▸ AIM OF THE EXERCISE
Quote all entries exactly, leaving pictures aside.

▸ TASK MATERIAL
>>>>>
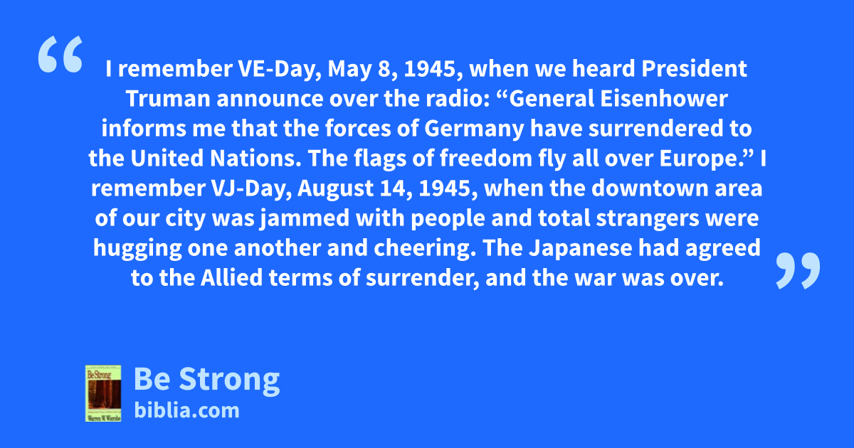 I remember VE-Day, May 8, 1945, when we heard President Truman announce over the radio: “General Eisenhower informs me that the forces of Germany have surrendered to the United Nations. The flags of freedom fly all over Europe.” I remember VJ-Day, August 14, 1945, when the downtown area of our city was jammed with people and total strangers were hugging one another and cheering. The Japanese had agreed to the Allied terms of surrender, and the war was over.
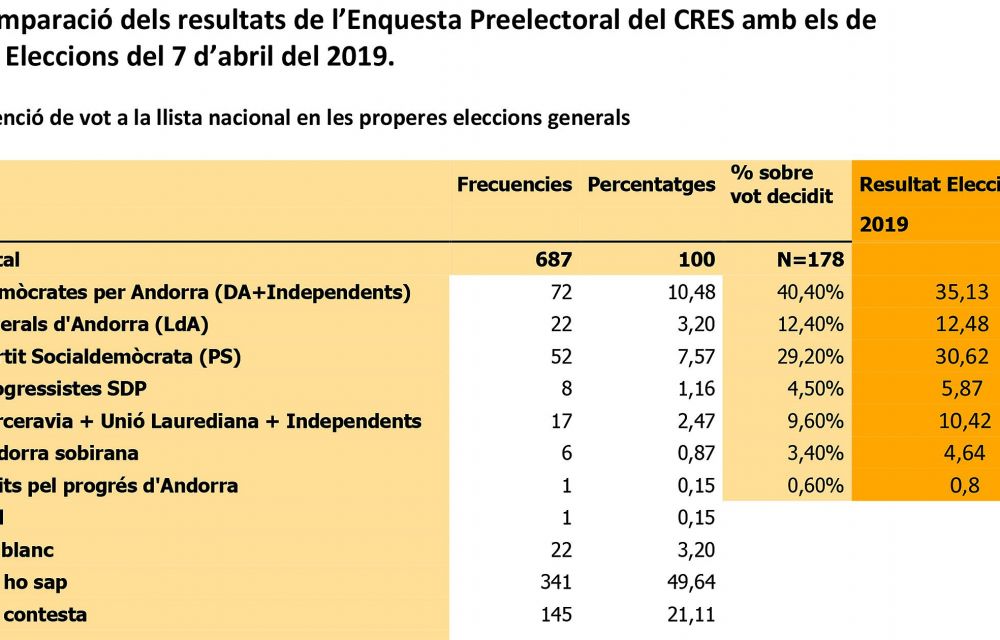 Com ja es va dir en el seu moment i ara ho torna a fer, el CRES remarca que en el sondeig elaborat hi havia una sobrerepresentació d’electors que asseguraven, quan se’ls demanava si recordaven a qui havien votat fa quatre anys, que s’havien decantat per Demòcrates per Andorra (DA). D’aquí que el resultat de l’enquesta mostrés un suport més gran de DA del que realment va obtenir la jornada electoral. El percentatge de vot decidit que s’atribuïa a la resta de formacions s’ha acostat força a la realitat, encara que quedaven lleugerament per sota del que ha estat el resultat a l’urna, segurament, novament, degut a aquella sobrerepresentació que es deia.
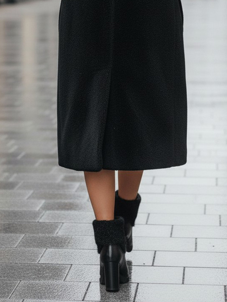 Model łączy cholewkę ze skóry ekologicznej z miękkim, dzianinowym kołnierzem, który dodaje całości bardziej zimowego charakteru. Wysoki, stabilny obcas słupkowy pozwala podkreślić sylwetkę, a jednocześnie zachowuje wygodę podczas chodzenia. Konstrukcja wsuwana ułatwia zakładanie, a ocieplenie z tkaniny zwiększa komfort w chłodniejsze dni.
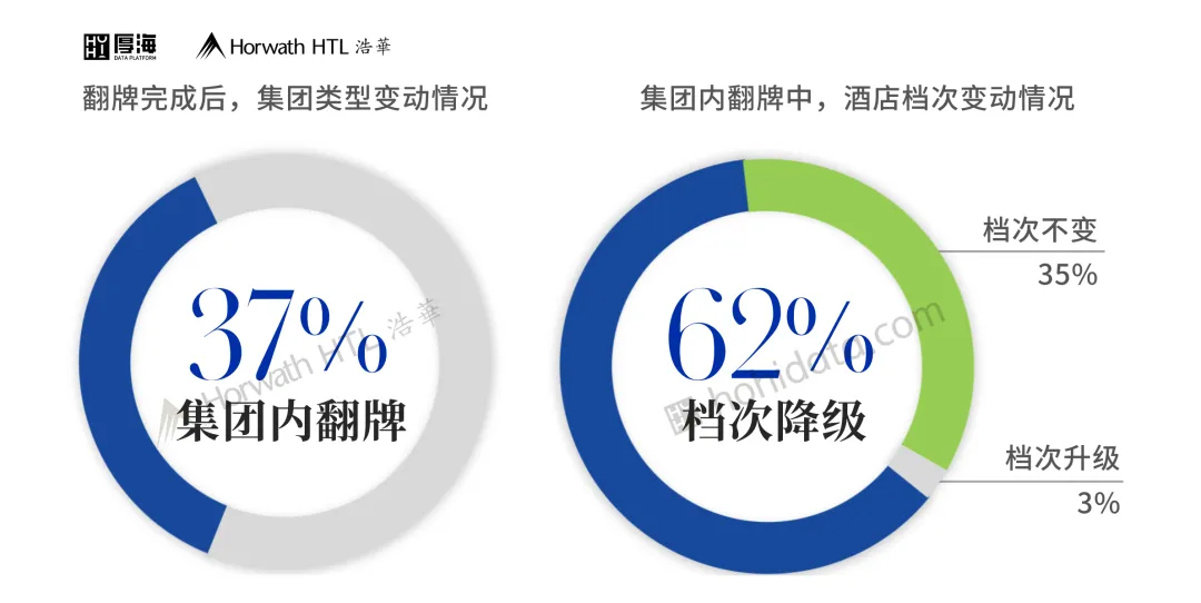 从结构上看,集团内翻牌以品牌档次下调为主。其中,约62%的酒店在翻牌后由原有品牌转向定位更低的品牌,档次持平的占比约35%,品牌上调的仅为少数个案。具体而言,集团内品牌下调主要由两方面驱动。
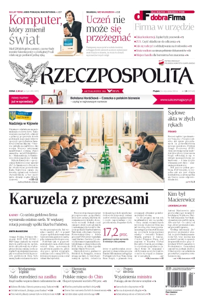 Co szósta giełdowa firma wymieniła ostatnio szefa, w większej rotacji pomogły spółki Skarbu Państwa; 30 lat temu Jobs pokazał światu Macintosha; likwidacja WSI – kim był Macierewicz; mało eurodzieci na zasiłku – rząd rzadko wspiera dzieci cudzoziemców; polskie mięso do Chin – eksport żywności wzrósł o 150 proc.
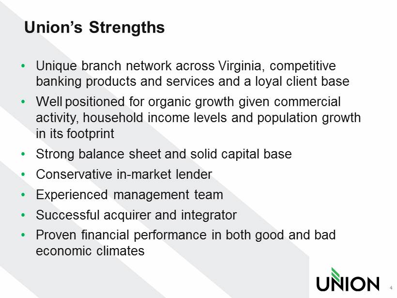 Company Overview • The largest community banking organization headquartered in Virginia • Holding company formed in 1993 – Banking history goes back more than 100 years • Assets of $7.3 Billion • Comprehensive financial services provider offering commercial and retail banking, mortgage, investment, trust and insurance products and services 3
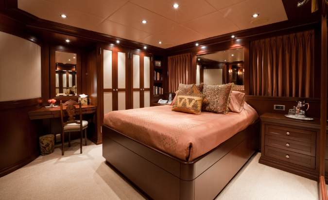 Three of the staterooms have queen beds and entertainment systems. The twin cabin has two single beds is suitable for adult guests and can also be used as a nanny or children’s cabin.
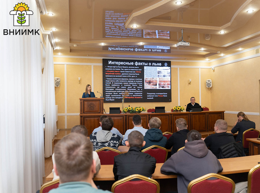 Старший научный сотрудник лаборатории агротехники, кандидат сельскохозяйственных наук Юлия Викторовна Мамырко рассказала студентам об истории масличного льна, его хозяйственном значении, новинках в селекции и о том, как его выращивать, чтобы получить максимальную прибыль. Заведующий лабораторией агрохимии, кандидат сельскохозяйственных наук Василий Леонидович Махонин прочитал лекцию о сортах сои, известных российских ученых-селекционерах и основах выращивания культуры.
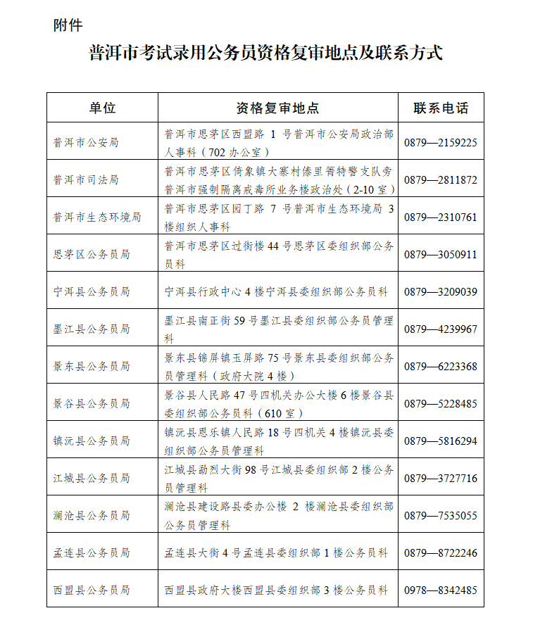 附件:普洱市考試錄用公務(wù)員資格復(fù)審地點及聯(lián)系方式
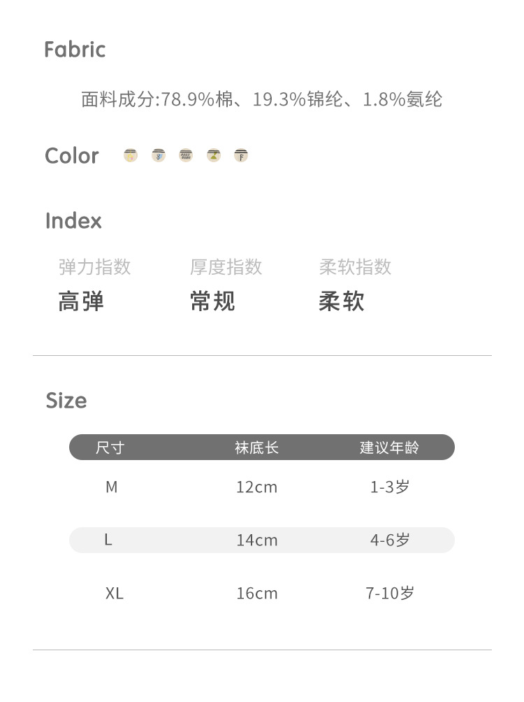 童袜尺码 M码1-3岁,L码4-6岁,XL码7-10岁
<<<<<
▸ EXERCISE RESPONSE
 I remember VE-Day, May 8, 1945, when we heard President Truman announce over the radio: “General Eisenhower informs me that the forces of Germany have surrendered to the United Nations. The flags of freedom fly all over Europe.” I remember VJ-Day, August 14, 1945, when the downtown area of our city was jammed with people and total strangers were hugging one another and cheering. The Japanese had agreed to the Allied terms of surrender, and the war was over.
 Com ja es va dir en el seu moment i ara ho torna a fer, el CRES remarca que en el sondeig elaborat hi havia una sobrerepresentació d’electors que asseguraven, quan se’ls demanava si recordaven a qui havien votat fa quatre anys, que s’havien decantat per Demòcrates per Andorra (DA). D’aquí que el resultat de l’enquesta mostrés un suport més gran de DA del que realment va obtenir la jornada electoral. El percentatge de vot decidit que s’atribuïa a la resta de formacions s’ha acostat força a la realitat, encara que quedaven lleugerament per sota del que ha estat el resultat a l’urna, segurament, novament, degut a aquella sobrerepresentació que es deia.
 Model łączy cholewkę ze skóry ekologicznej z miękkim, dzianinowym kołnierzem, który dodaje całości bardziej zimowego charakteru. Wysoki, stabilny obcas słupkowy pozwala podkreślić sylwetkę, a jednocześnie zachowuje wygodę podczas chodzenia. Konstrukcja wsuwana ułatwia zakładanie, a ocieplenie z tkaniny zwiększa komfort w chłodniejsze dni.
 从结构上看,集团内翻牌以品牌档次下调为主。其中,约62%的酒店在翻牌后由原有品牌转向定位更低的品牌,档次持平的占比约35%,品牌上调的仅为少数个案。具体而言,集团内品牌下调主要由两方面驱动。
 Co szósta giełdowa firma wymieniła ostatnio szefa, w większej rotacji pomogły spółki Skarbu Państwa; 30 lat temu Jobs pokazał światu Macintosha; likwidacja WSI – kim był Macierewicz; mało eurodzieci na zasiłku – rząd rzadko wspiera dzieci cudzoziemców; polskie mięso do Chin – eksport żywności wzrósł o 150 proc.
 Company Overview • The largest community banking organization headquartered in Virginia • Holding company formed in 1993 – Banking history goes back more than 100 years • Assets of $7.3 Billion • Comprehensive financial services provider offering commercial and retail banking, mortgage, investment, trust and insurance products and services 3
 Three of the staterooms have queen beds and entertainment systems. The twin cabin has two single beds is suitable for adult guests and can also be used as a nanny or children’s cabin.
 Старший научный сотрудник лаборатории агротехники, кандидат сельскохозяйственных наук Юлия Викторовна Мамырко рассказала студентам об истории масличного льна, его хозяйственном значении, новинках в селекции и о том, как его выращивать, чтобы получить максимальную прибыль. Заведующий лабораторией агрохимии, кандидат сельскохозяйственных наук Василий Леонидович Махонин прочитал лекцию о сортах сои, известных российских ученых-селекционерах и основах выращивания культуры.
 附件:普洱市考試錄用公務(wù)員資格復(fù)審地點及聯(lián)系方式
 童袜尺码 M码1-3岁,L码4-6岁,XL码7-10岁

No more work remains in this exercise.